Input data START

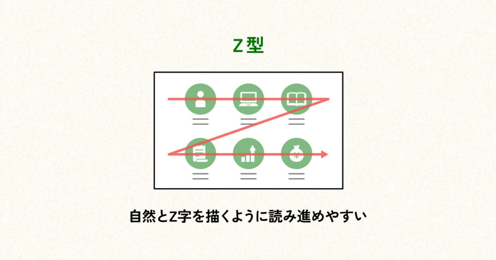 Z型は、Webサイトやカード型レイアウトなどでよく使われる視線の動きです。
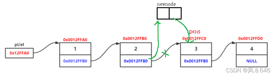 若pos是第一个结点,我们直接调用之前写的头插。若pos不是第一个结点,我们找到pos位置的前一个结点,让新的结点指向地址为pos的结点,然后让前一个结点指向新结点。
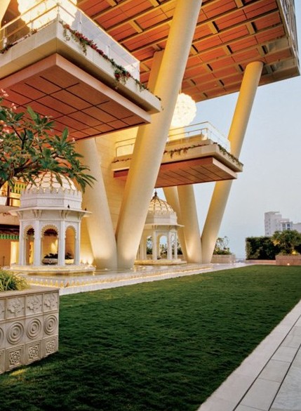 Mukesh Ambani就是被封為「印度馬雲」,他為家人蓋了一棟私人大樓,叫做「安蒂拉」雖然總共是27層樓,但是因為每一層樓都是挑高2~3倍,所以實際上等於一般大樓的60層樓高。這棟建築物甚至還被入圍「世界十大超級豪宅」地板是用昂貴地白色花紋大理石磚鋪成、建有絕美空中花園、直升機停機坪、水療館、按摩室、健身俱樂部、劇場宴會廳、人工避暑雪屋、圖書館、停車場、電梯…等設備,讓家人或是來訪的親友使用。
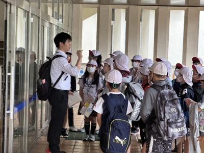 慣れない湿度に少しぐったり気味の子もいましたが、自動車工場の中に入ると、みんな目を輝かせて機械や組み上がっていく自動車の様子に見入っていました。

Input data END

Everything from the top line of the data down to and including the line with "若pos是第一个结点,我们直" is to be copied, except the pictures.

 Z型は、Webサイトやカード型レイアウトなどでよく使われる視線の動きです。
 若pos是第一个结点,我们直接调用之前写的头插。若pos不是第一个结点,我们找到pos位置的前一个结点,让新的结点指向地址为pos的结点,然后让前一个结点指向新结点。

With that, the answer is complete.